= Agreement on Trade in Essential Supplies =

Bilateral agreement between New Zealand and Singapore

The Agreement on Trade in Essential Supplies (AOTES) is a bilateral agreement between New Zealand and Singapore, signed on 4 May 2026. Recognized as the world's first legally binding agreement of its kind, the pact aims to guarantee the uninterrupted flow of critical goods between the two nations during times of global crises and supply chain disruptions. The agreement was signed at the Singapore-New Zealand Annual Leaders' Meeting in Singapore by New Zealand's Minister for Trade and Investment Todd McClay and Singapore's Minister-in-charge of Energy, Science and Technology Tan See Leng, and was witnessed by prime ministers Christopher Luxon and Lawrence Wong.

==Background==
The necessity of the agreement stems from the existing economic relationship and deep mutual reliance between the two nations. New Zealand relies heavily on Singapore for its energy security, importing approximately one-third of its fuel needs from Singaporean refineries. This includes diesel, which is highly critical for underpinning New Zealand's freight systems, farming, and food production. New Zealand is also a crucial and trusted agricultural supplier for Singapore, providing approximately 14 percent of the city-state's total food imports. Dairy constitutes New Zealand's top export to Singapore, accounting for nearly 31.6 percent of its total exports, alongside significant provisions of meat, fruits, nuts, and edible oils.

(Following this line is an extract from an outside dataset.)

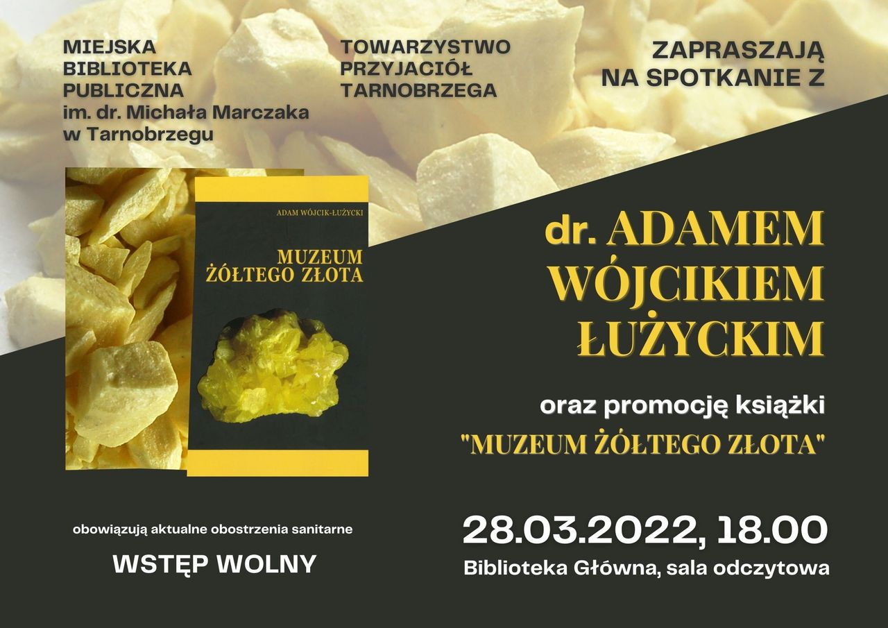 W poniedziałek, 28 marca o godz. 18.00 – w Miejskiej Bibliotece Publicznej im. dr. M. Marczaka odbyło się spotkanie z Adamem Wójcikiem-Łużyckim oraz promocja książki „Muzeum żółtego złota”. Publikacja ta prezentuje jedyne na świecie muzeum poświęcone siarce, jej wydobyciu, przetwórstwu i ogromnej roli, jaką przemysł siarkowy odegrał w historii Tarnobrzega oraz całej Polski w II połowie XX wieku.

The conceptual foundation of the AOTES builds upon the cooperative trust the two nations developed during the COVID-19 pandemic. It also serves to advance the broader Comprehensive Strategic Partnership (CSP), a framework signed by the two countries in October 2025 to cooperate more closely on trade, security, innovation, and supply chain resilience. Leaders from both nations framed the agreement as a direct countermeasure against the protectionist tendency of countries to "look inward" and shut down supply chains during difficult global events. The agreement will officially take effect and be added to the existing New Zealand–Singapore Free Trade Agreement once both countries conclude their respective domestic approval processes.

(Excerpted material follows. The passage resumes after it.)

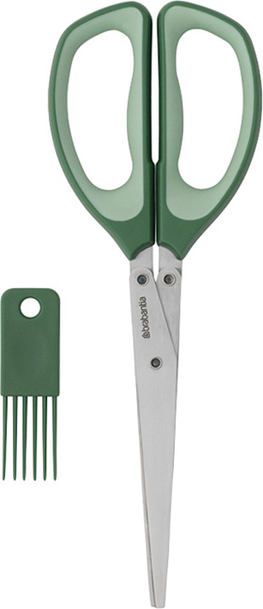 Το ψαλίδι βοτάνων που παρουσιάζεται εδώ είναι ένα στοιχείο αυτής της «νόστιμης» σειράς. Ελαφρύ, εύχρηστο, όμορφο και, πάνω απ' όλα, πρακτικό, το ψαλίδι θα σας επιτρέψει να προσθέσετε γεύση σε οποιοδήποτε πιάτο, κόβοντας τα βότανα σε οποιοδήποτε μήκος — άλλωστε, το σχοινόπρασο για τα αυγά χρειάζεται μεγαλύτερο κόψιμο από την ρίγανη για τα μακαρόνια μπολονέζ. Το ψαλίδι που παρουσιάζεται εδώ μπορεί να χειριστεί ακόμα και μανιτάρια (ναι, ξέρουμε ότι δεν είναι βότανα ;), καθώς διαθέτει έως και 5 λεπίδες από ανοξείδωτο ατσάλι. Η λαβή είναι κατασκευασμένη από πλαστικό και φινιρισμένη με σιλικόνη για μεγαλύτερη άνεση, κάτι που θα σας επιτρέψει να ψιλοκόβετε για πολλή ώρα με επιμονή, και όταν τελειώσετε μπορείτε εύκολα να πλύνετε το ψαλίδι κάτω από τρεχούμενο νερό, χρησιμοποιώντας το βουρτσάκι που παρέχεται.

==Scope and Key Provisions ==
Under the agreement, both governments legally commit to avoiding the imposition of unnecessary export restrictions on a specified list of essential supplies. The protected items include food, fuel, medicines, healthcare products, and chemical and construction materials. The protected items include food, fuel, medicines, healthcare products, and chemical and construction materials.

In addition to preventing export bans, the AOTES establishes a formal framework that requires both countries to facilitate the movement of goods, share critical information, and engage in consultations before or during major supply chain disruptions. This mechanism is explicitly designed to provide businesses and consumers in both nations with greater confidence and stability during global emergencies.